##### The records #####

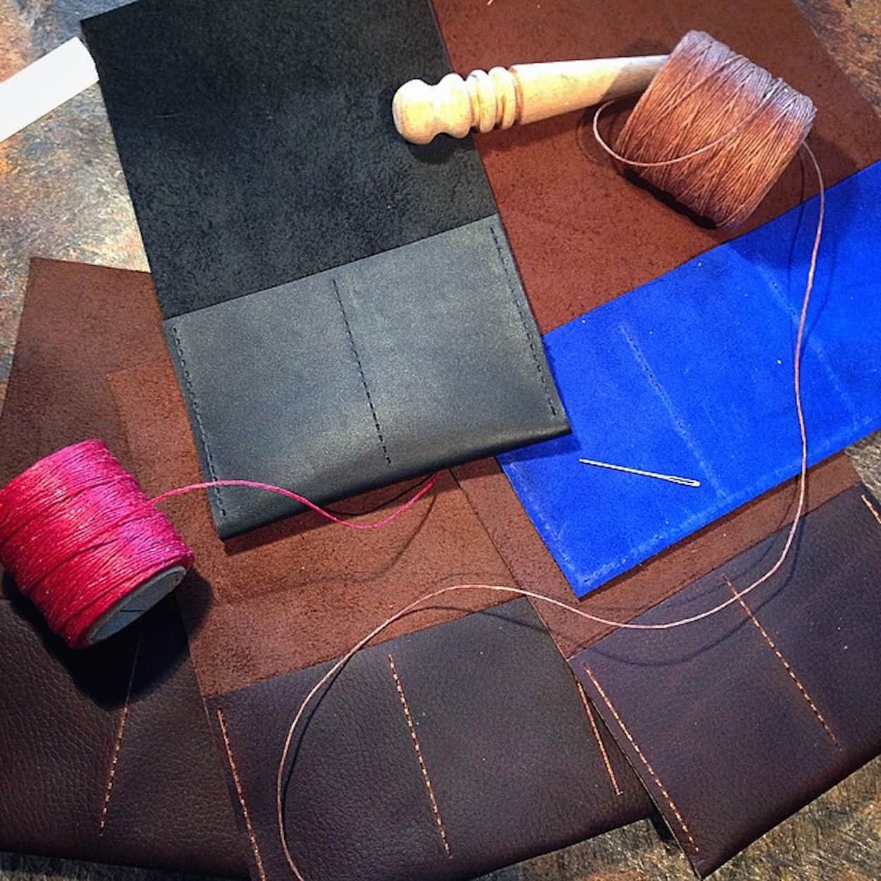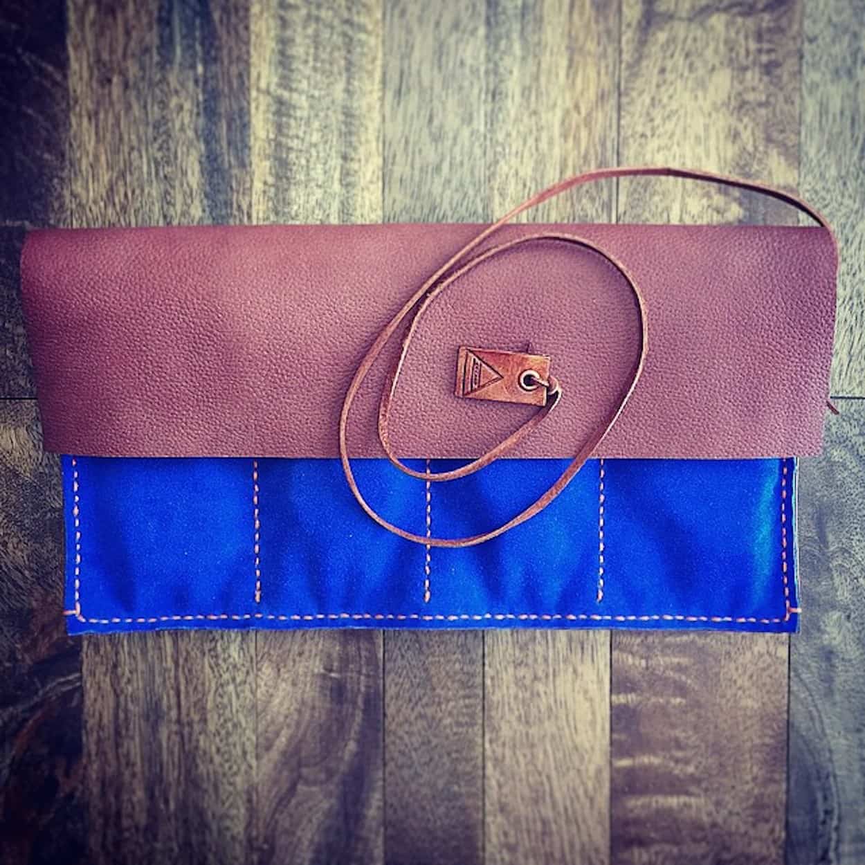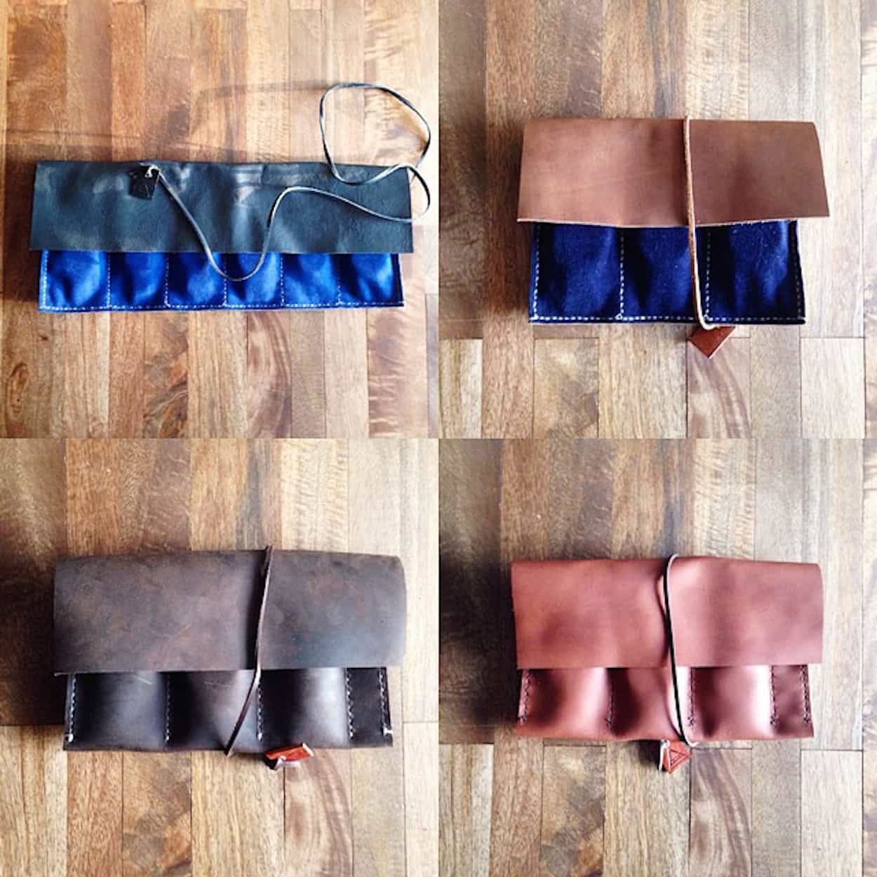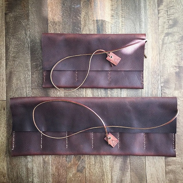 The customer gets to decide on the pocket configuration. I can also add smaller tool, strap pockets, or add a flap so they can store jewelry or cufflinks too. I’ve also adapted the rolls for knife and pen collectors by making the pockets taller or narrower as needed. I source most of my leathers from a great supplier in Minnesota. Also, as I mentioned before I’m lucky to be able to re-purpose many leather samples from my day job – which are usually one of a kind. I’m now using Maine Thread Company thread too.
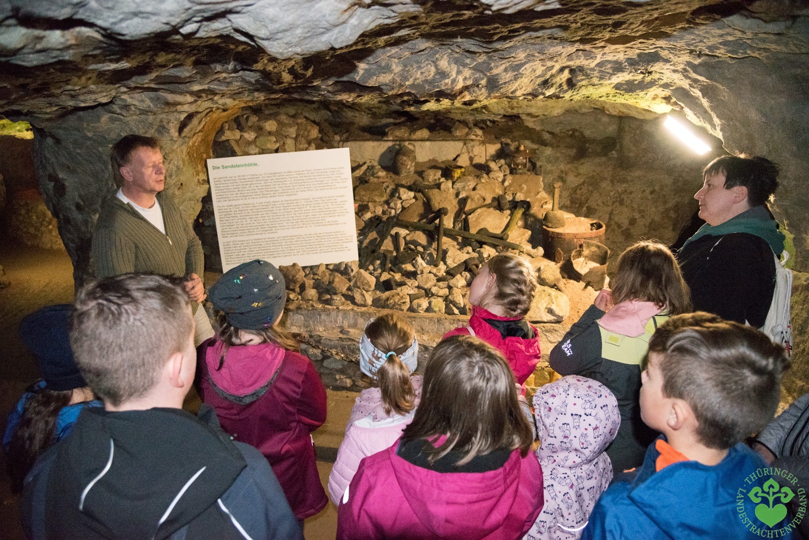 Gleich am Bahnhof von Walldorf hieß eine schwarz-grau getigerte Katze die Feriengruppe der Thüringer Trachtenjugend willkommen. Die Kinder schlossen „ihren“ Stubentiger gleich ans Herz und wollten sich nicht von ihm trennen. Keck folgte das Katzentier über die Werra bis ins Dorf und zur Sandsteinhöhle. Ja, die Märchenhöhle sollte an diesem Tag das erste Ziel sein. So manch einer der mitreisenden Erwachsenen hatte Erinnerungen aus Kindertagen und musste aufpassen, nicht mit dem Kopf an die Höhlendecke zu stoßen. Ja vor 40 Jahren waren viele doch noch etwas kleiner. Aber: Wo bleiben die Märchen? Keine Angst, sie kamen. Die Kinder wussten sogar, die Darstellungen zuzuordnen.
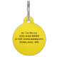 Fun bright dog tag done in sunny yellow, with a white cartoon bone, on the front. Personalize the black text with your dog's information. Great with our matching dog products.
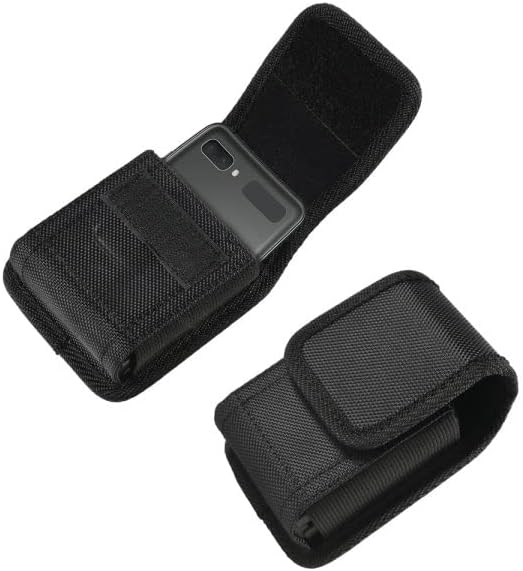 Case for Moto Razr+ Plus/Razr 2023/Galaxy Z Flip 5 4 3 Phone Case Black Balistic Nylon Leather Vertical Pouch [Belt Loop, Metal Clip] for Samsung Z Flip 5 5G, Z Flip4/3
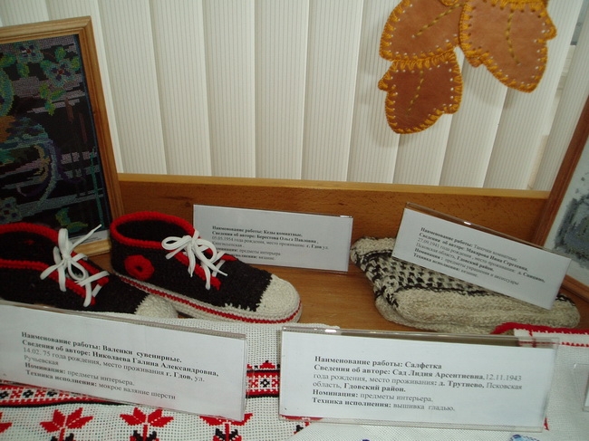 «Я думаю, что подобная выставка-конкурс проходит в Пскове впервые. Свои работы представили члены клуба рукоделия при Университете Третьего возраста, жители 18 районов области, объединения пенсионеров. Всего – более 150 человек. Экспозиция состоит более чем из 350 работ, выполненных с использованием 40 видов рукоделия», - рассказала председатель регионального отделения СПР Светлана Мельничук.
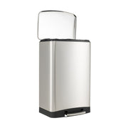 The 3-tier stainless steel frame makes the trash bin fingerprint-proof, rustproof and anti-deformation. More, it also features a hand-free design, with a stainless steel pedal that effortlessly opens the lid with a gentle tap of your foot. No need to touch anything with your hands! And speaking of the lid, it closes softly and silently, eliminating any jarring noises. With its large opening range and stay open function, you have ample time to dispose of multiple items without any hassle. The removable bucket, equipped with convenient handles, makes cleanup a breeze. With a generous 5L capacity, you won’t have to empty it as frequently. Plus, the trash can is equipped with a back handle for easy transportation and anti-slip foot pads to protect your floors from scratches. Anti-Fingerprint Construction: The trash can features a 3-tiered frame that includes a stainless steel layer to enhance strength an durability. Besides, its outer layer ensures perfect resistance to fingerprints, water and rust, making it easy to maintain. Hand-Free and Soft Closing Design: Simply step on the stainless steel pedal to open the trash bin and enjoy a hand-free disposal of trash. Plus, its lid can gently close with a smooth motion, eliminating any slamming or banging noises. Large Opening Range and Stay Open: The garbage bin boasts a stay open function. This means once it is opened, you can lock the lid to maintain an 90° opening range. Thus, you will get enough time when you need to dispose of various items in succession. Removable Bucket and Easy Cleanup: With a generous capacity of 50L, the trash can can hold a large amount of garbage, reducing the need for frequent emptying. In addition, its inner bucket is removable and features handles, making cleanup easier. User-Friendly Details for Wide Use: With the back handle, you can effortlessly move the trash bin to your kitchen, living room, office, and more. It also features anti-slip foot pads that will protect the floor from being scratched.
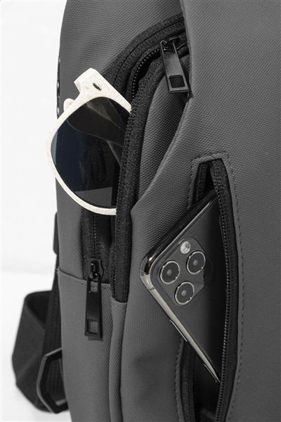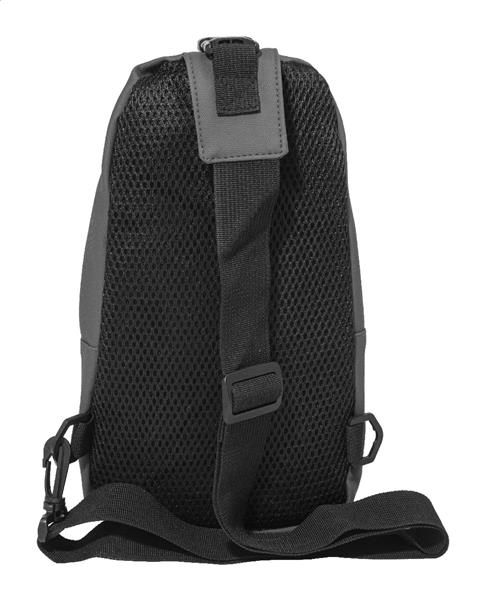 Wodoodporna torba typu sling z RPET, kieszeniami zapinanymi na zamek, zapięciem na klamrę i wyściełanym tyłem. Z regulowanym paskiem na ramię z możliwością regulacji na lewą i prawą stronę. Wykonana z poliestru 600D RPET powlekanego poliuretanem, z charakterystyczną metką RPET.
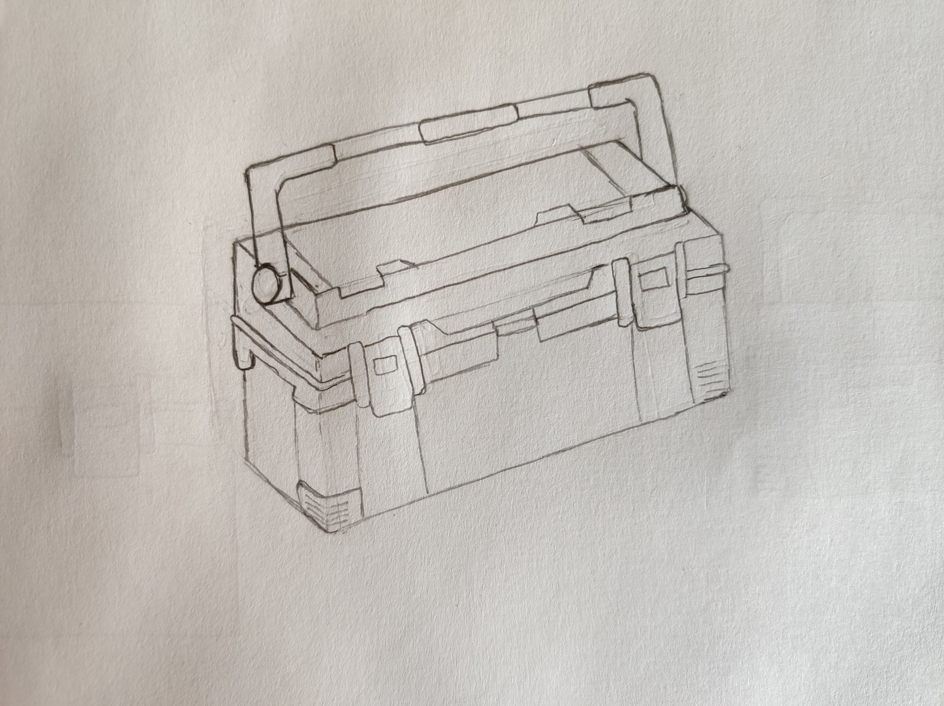 Pour ta vue 3D, c'était un peu plus compliqué en effet ! Ça manque surtout d'une certaine rigueur dans le trait, (des parallèles qui ne sont pas très parallèles, par ex si on compare le bord tout à gauche et les lignes qui descendent sous les fermetures) qui fait que ta mallette a l'air un peu tordue. Ça bug aussi un peu dans le fond du couvercle, il y a une ligne qui se continue malgré le renfoncement du couvercle, ce qui accentue le côté tordu, et donne l'impression que le volume n'est pas compris. Mais je pense que c'est principalement un problème de rigueur comme je disais, je te conseille donc de faire bien attention aux angles de tes traits pour ce genre de dessins très géométriques ^^
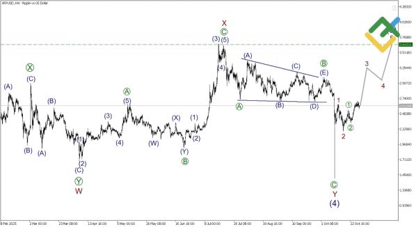 Анализ XRPUSD указывает на формирование глобального бычьего импульса (1)-(2)-(3)-(4)-(5). Коррекция (4), завершившаяся недавно, имеет структуру двойной тройки W-X-Y — сложной, но типичной для крипторынка модели.
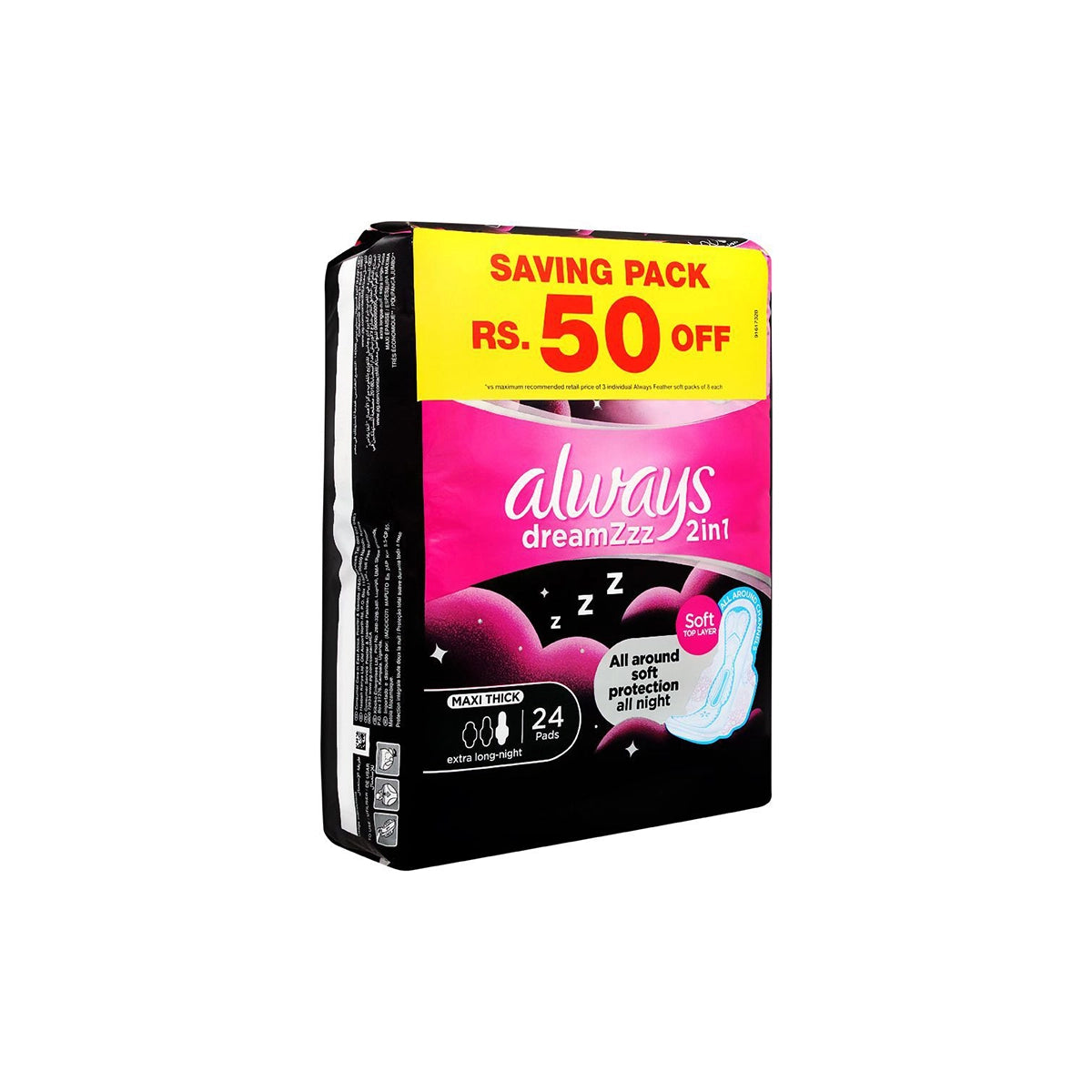 Experience a comfortable night's sleep with ALWAYS PAK MAXI THICK DREAMZ ALL NIGHT 24CS. Its thick and absorbent design provides full coverage protection throughout the night. Rest easy knowing you're protected with this trusted brand.
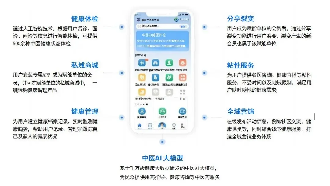 用户使用“云诊365”健康APP拍摄并上传舌面、舌下、面部照片,结合智能问诊,10秒快速进行500余种健康状态体检,包括普通人群106种中医健康状态 、163种女性健康状态、47种儿童健康状态、百余种慢病分型与调理、30种焦虑、抑郁中医情志病等,并给出中医名医名方与经方等健康调理方案,结合名医咨询、私域商城、健康直播、粘性服务等业务体系,为连锁药店、制药企业、大健康产业赋能。

#####

_What you have to do_. Copy every record exactly, but skip the pictures.

_Task solution_.
 The customer gets to decide on the pocket configuration. I can also add smaller tool, strap pockets, or add a flap so they can store jewelry or cufflinks too. I’ve also adapted the rolls for knife and pen collectors by making the pockets taller or narrower as needed. I source most of my leathers from a great supplier in Minnesota. Also, as I mentioned before I’m lucky to be able to re-purpose many leather samples from my day job – which are usually one of a kind. I’m now using Maine Thread Company thread too.
 Gleich am Bahnhof von Walldorf hieß eine schwarz-grau getigerte Katze die Feriengruppe der Thüringer Trachtenjugend willkommen. Die Kinder schlossen „ihren“ Stubentiger gleich ans Herz und wollten sich nicht von ihm trennen. Keck folgte das Katzentier über die Werra bis ins Dorf und zur Sandsteinhöhle. Ja, die Märchenhöhle sollte an diesem Tag das erste Ziel sein. So manch einer der mitreisenden Erwachsenen hatte Erinnerungen aus Kindertagen und musste aufpassen, nicht mit dem Kopf an die Höhlendecke zu stoßen. Ja vor 40 Jahren waren viele doch noch etwas kleiner. Aber: Wo bleiben die Märchen? Keine Angst, sie kamen. Die Kinder wussten sogar, die Darstellungen zuzuordnen.
 Fun bright dog tag done in sunny yellow, with a white cartoon bone, on the front. Personalize the black text with your dog's information. Great with our matching dog products.
 Case for Moto Razr+ Plus/Razr 2023/Galaxy Z Flip 5 4 3 Phone Case Black Balistic Nylon Leather Vertical Pouch [Belt Loop, Metal Clip] for Samsung Z Flip 5 5G, Z Flip4/3
 «Я думаю, что подобная выставка-конкурс проходит в Пскове впервые. Свои работы представили члены клуба рукоделия при Университете Третьего возраста, жители 18 районов области, объединения пенсионеров. Всего – более 150 человек. Экспозиция состоит более чем из 350 работ, выполненных с использованием 40 видов рукоделия», - рассказала председатель регионального отделения СПР Светлана Мельничук.
 The 3-tier stainless steel frame makes the trash bin fingerprint-proof, rustproof and anti-deformation. More, it also features a hand-free design, with a stainless steel pedal that effortlessly opens the lid with a gentle tap of your foot. No need to touch anything with your hands! And speaking of the lid, it closes softly and silently, eliminating any jarring noises. With its large opening range and stay open function, you have ample time to dispose of multiple items without any hassle. The removable bucket, equipped with convenient handles, makes cleanup a breeze. With a generous 5L capacity, you won’t have to empty it as frequently. Plus, the trash can is equipped with a back handle for easy transportation and anti-slip foot pads to protect your floors from scratches. Anti-Fingerprint Construction: The trash can features a 3-tiered frame that includes a stainless steel layer to enhance strength an durability. Besides, its outer layer ensures perfect resistance to fingerprints, water and rust, making it easy to maintain. Hand-Free and Soft Closing Design: Simply step on the stainless steel pedal to open the trash bin and enjoy a hand-free disposal of trash. Plus, its lid can gently close with a smooth motion, eliminating any slamming or banging noises. Large Opening Range and Stay Open: The garbage bin boasts a stay open function. This means once it is opened, you can lock the lid to maintain an 90° opening range. Thus, you will get enough time when you need to dispose of various items in succession. Removable Bucket and Easy Cleanup: With a generous capacity of 50L, the trash can can hold a large amount of garbage, reducing the need for frequent emptying. In addition, its inner bucket is removable and features handles, making cleanup easier. User-Friendly Details for Wide Use: With the back handle, you can effortlessly move the trash bin to your kitchen, living room, office, and more. It also features anti-slip foot pads that will protect the floor from being scratched.
 Wodoodporna torba typu sling z RPET, kieszeniami zapinanymi na zamek, zapięciem na klamrę i wyściełanym tyłem. Z regulowanym paskiem na ramię z możliwością regulacji na lewą i prawą stronę. Wykonana z poliestru 600D RPET powlekanego poliuretanem, z charakterystyczną metką RPET.
 Pour ta vue 3D, c'était un peu plus compliqué en effet ! Ça manque surtout d'une certaine rigueur dans le trait, (des parallèles qui ne sont pas très parallèles, par ex si on compare le bord tout à gauche et les lignes qui descendent sous les fermetures) qui fait que ta mallette a l'air un peu tordue. Ça bug aussi un peu dans le fond du couvercle, il y a une ligne qui se continue malgré le renfoncement du couvercle, ce qui accentue le côté tordu, et donne l'impression que le volume n'est pas compris. Mais je pense que c'est principalement un problème de rigueur comme je disais, je te conseille donc de faire bien attention aux angles de tes traits pour ce genre de dessins très géométriques ^^
 Анализ XRPUSD указывает на формирование глобального бычьего импульса (1)-(2)-(3)-(4)-(5). Коррекция (4), завершившаяся недавно, имеет структуру двойной тройки W-X-Y — сложной, но типичной для крипторынка модели.
 Experience a comfortable night's sleep with ALWAYS PAK MAXI THICK DREAMZ ALL NIGHT 24CS. Its thick and absorbent design provides full coverage protection throughout the night. Rest easy knowing you're protected with this trusted brand.
 用户使用“云诊365”健康APP拍摄并上传舌面、舌下、面部照片,结合智能问诊,10秒快速进行500余种健康状态体检,包括普通人群106种中医健康状态 、163种女性健康状态、47种儿童健康状态、百余种慢病分型与调理、30种焦虑、抑郁中医情志病等,并给出中医名医名方与经方等健康调理方案,结合名医咨询、私域商城、健康直播、粘性服务等业务体系,为连锁药店、制药企业、大健康产业赋能。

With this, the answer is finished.